DEL VALLE DE LOS CAÍDOS


Apreciado lector:
Mientras esperaba la oportunidad de ser atendido en la papelería cercana a mi domicilio, llegó a mis oídos la conversación de los dos caballeros que estaban siendo despachados por el personal del negocio. Uno mostraba su indignación por todo lo que había sucedido en estos últimos meses en el Valle de los Caídos, pareciéndole, por lo que decía, una auténtica desfachatez, así como un sacrilegio, exhumar un cadáver de su lugar de descanso, en contra, incluso, de la voluntad de su familia. ”Ésto, créanme ustedes” dijo pareciendo dirigirse a todos, “es sólo el comienzo; no pararán hasta que destruyan por completo el lugar”.
Mientras, desde el otro extremo del mostrador, un señor de bigote hacía muecas con cierta sorna, al tiempo que replicaba diciendo: “¡Ya era hora! Había que hacer justicia a la memoria de muchos ¡Ahora sí que comenzamos a ser libres en este país!” Y continuaron la conversación, añadiendo las víctimas que a cada uno les había provocador la contienda que muchos ya sólo hemos conocido en los libros de historia, en lo que parecía una descorazonadora competición. Cuando terminaron los dependientes de servirles lo que habían ido a comprar, ambos abandonaron el local, siguiendo la conversación de manera acalorada, y llegándome así el turno.
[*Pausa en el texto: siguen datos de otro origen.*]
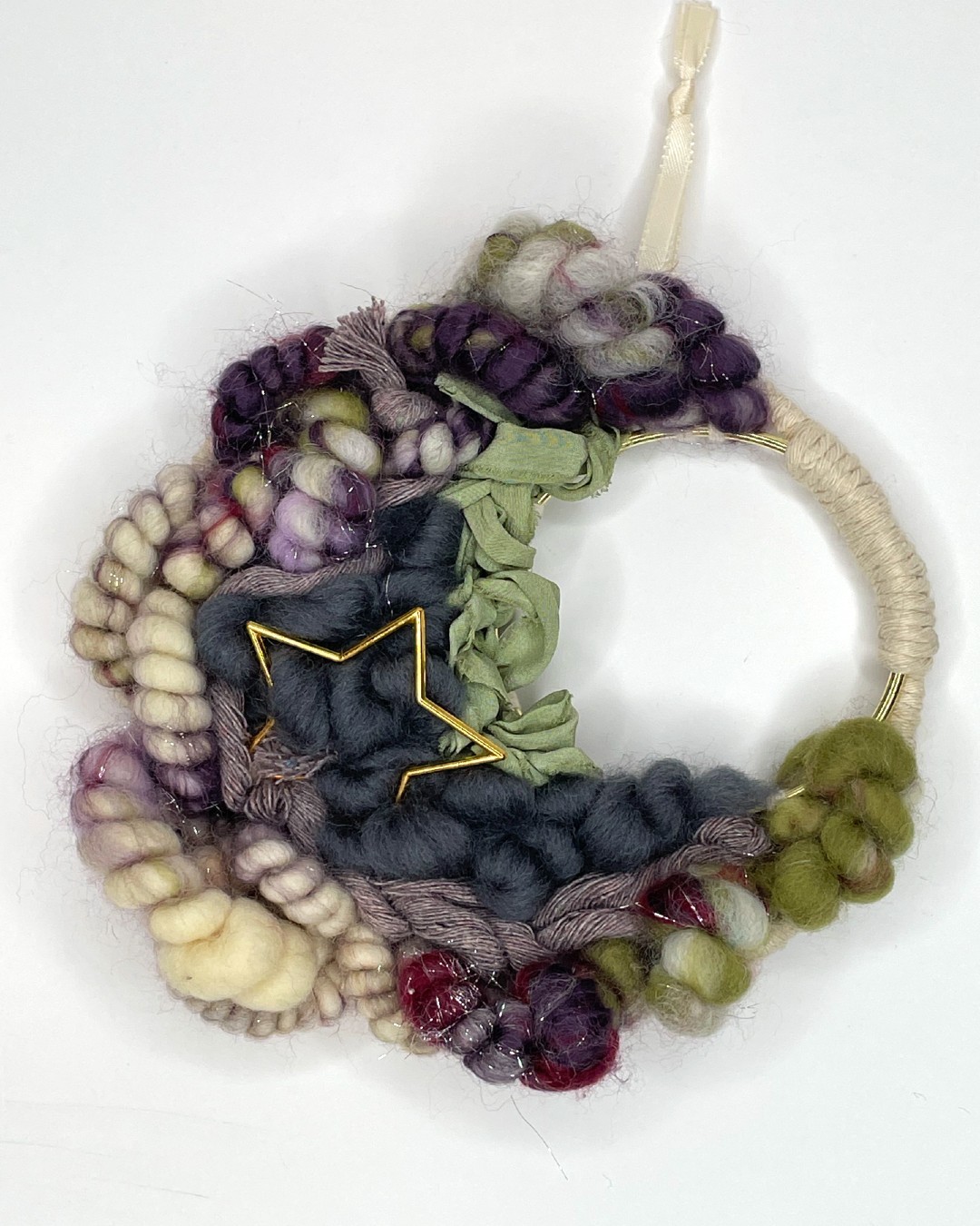 The use of materials in her work is intentional. Jackie selects wool and other natural fibres for their structure, feel and appearance. She starts with the selection of the handspun art yarn that will influence the colour palette and feel of the finished piece. Additional materials are chosen to add contrast and texture. She likes to introduce material and colour combinations that are unexpected yet pleasing to the eye.

Poco tiempo tardaron en darme las cartulinas y el pegamento que necesitaban mis hijos para sus manualidades domésticas, con lo que, pasados unos breves minutos, abandoné yo también el establecimiento, percatándome de que los dos hombres permanecían en la calle, a unos pocos metros. Ahora estaban con un tercero que, con rapidez, identifiqué como el pobre que apostado en la esquina del edificio de “La Pilarica” -que así se llama la papelería-, implora todos los días una ayuda que alivie su situación. Me sorprendió que agarraba a los hombres por el antebrazo y parecía decirles algo que mudaba la expresión de sus rostros.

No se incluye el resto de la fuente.